With the ascension of adaptive learning in combination with increasingly digital learning environments, we would view the ‘rehumanization’ of the learning space as a compelling option for addressing the attendant challenges. This would entail the promotion of productive crowdsourcing learning networks whereby individuals are able to elicit answers or input from a globally dispersed community of learner-users. These communities would be self-organising and self-regulating and capable of providing quick and reliable feedback to an individual learner’s needs. This ecosystem of P2P connections would act as an organic filter for the learner, collaboratively curating the vast amount of information available and providing responses and recommendations based on collective experience.
An adaptive learning layer may be added to this model that would then make recommendations or suggestions based on the learner’s online history or search behaviour. Rather than making suggestions in the form of content chunks to cover, however, the adaptive learning layer could suggest topics, themes or areas of study that are relevant or related to the material the learner is choosing to interact with. In a sense the adaptive learning element would become a virtual curriculum developer that responded to the preferences of the individual learner.

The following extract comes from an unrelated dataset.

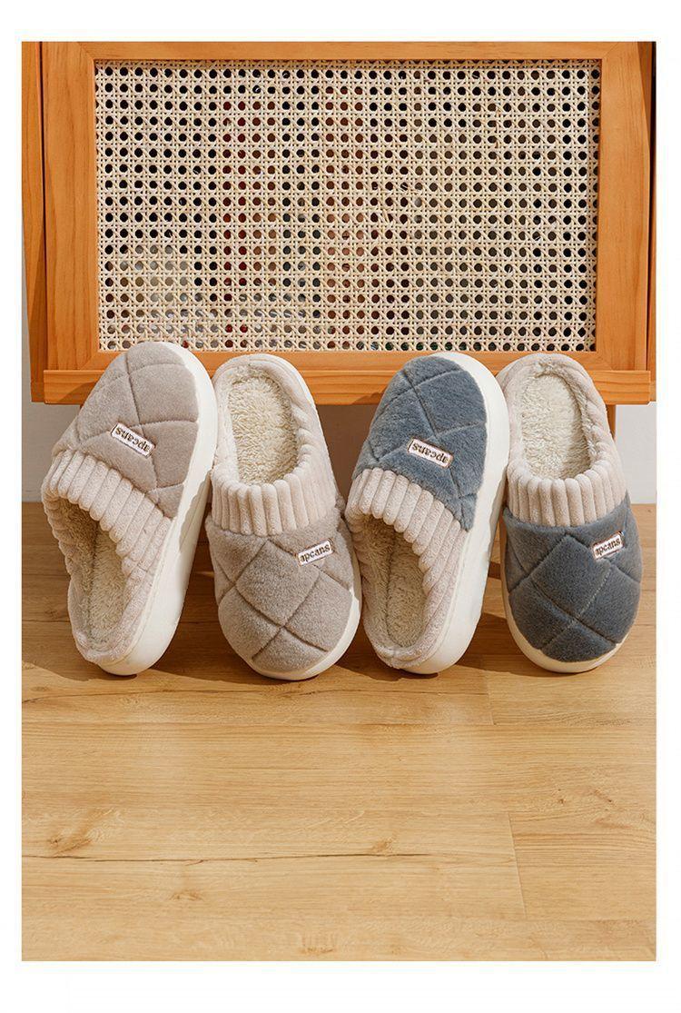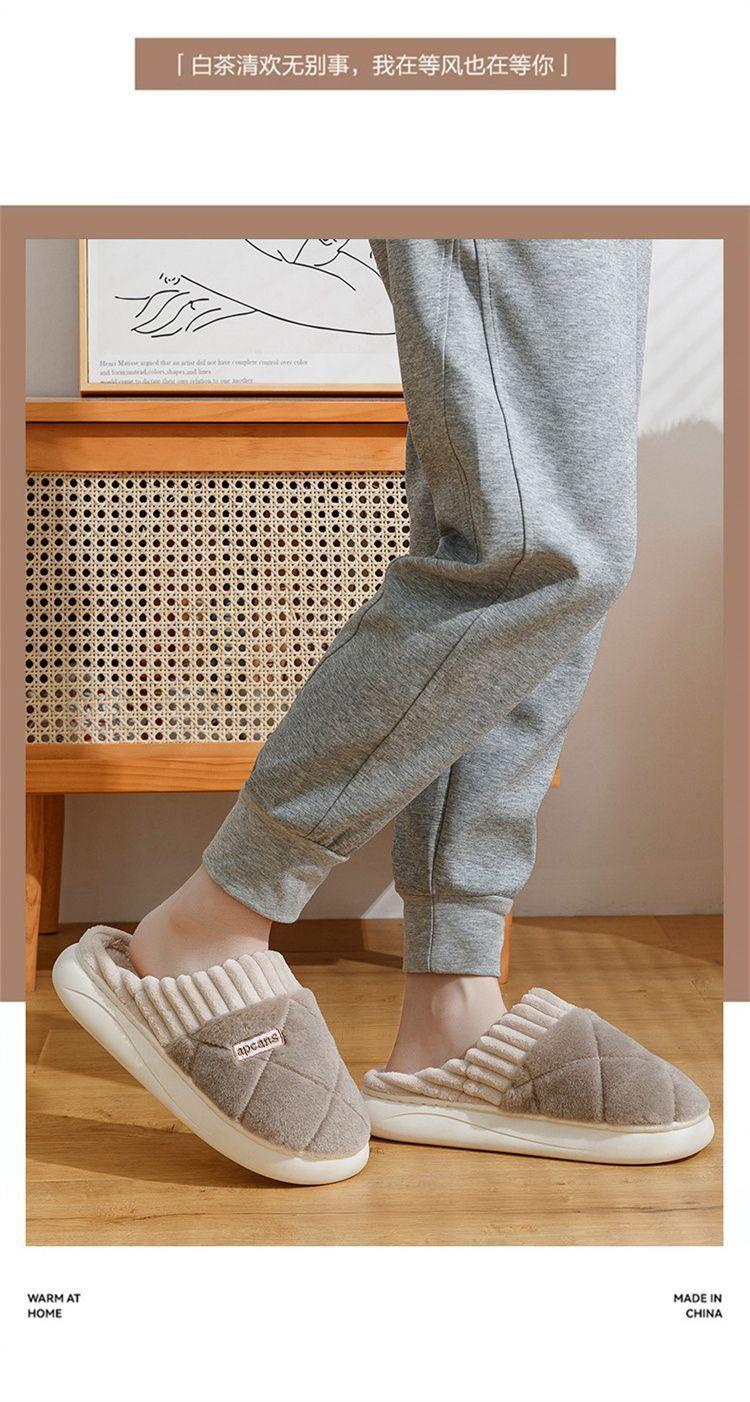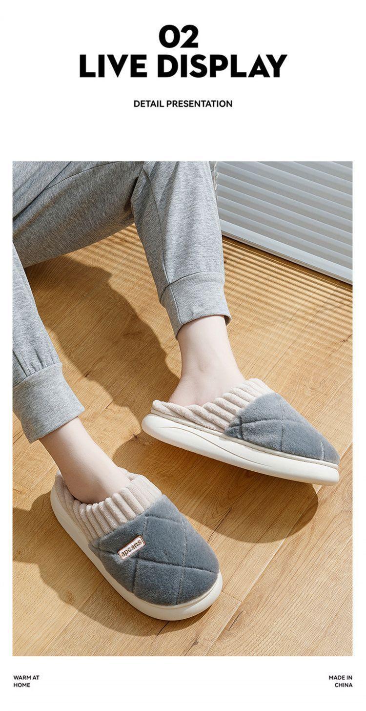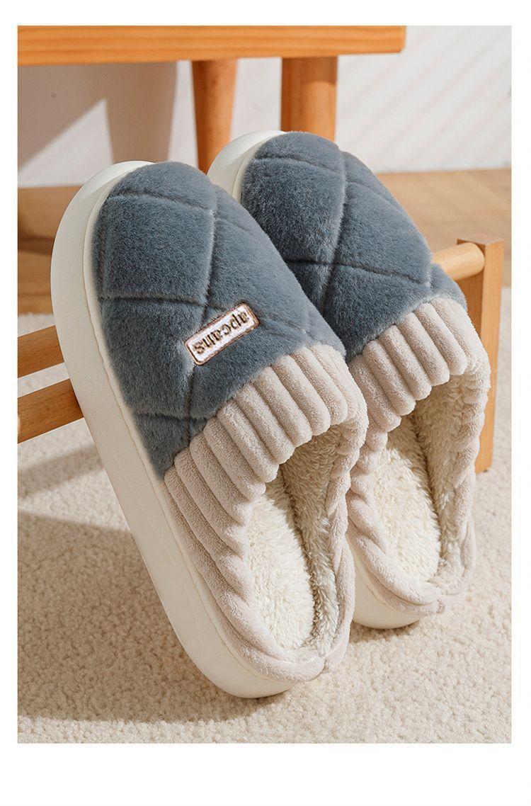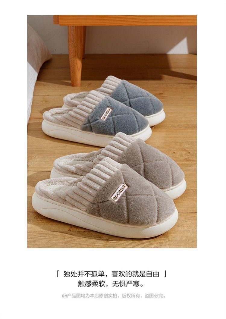 Pantuflas de Algodón para Mujer Otoño e Invierno 2025 Nuevo Estilo Interior Hogar Suela Suave Antideslizante Hogar Cálido Felpa Pareja Pantuflas de Algodón

In addition, the evolution of the Semantic Web by the World Wide Web Consortium (3WC) will potentially provide an in-built solution to navigating the vast amount of data when looking for applicable learning material. The Semantic Web will present online data in terms of relationships and relevance rather than as straightforward text-based search criteria. A learner will be able to engage with online content that understands what they are looking for and how it relates to and impacts other topics.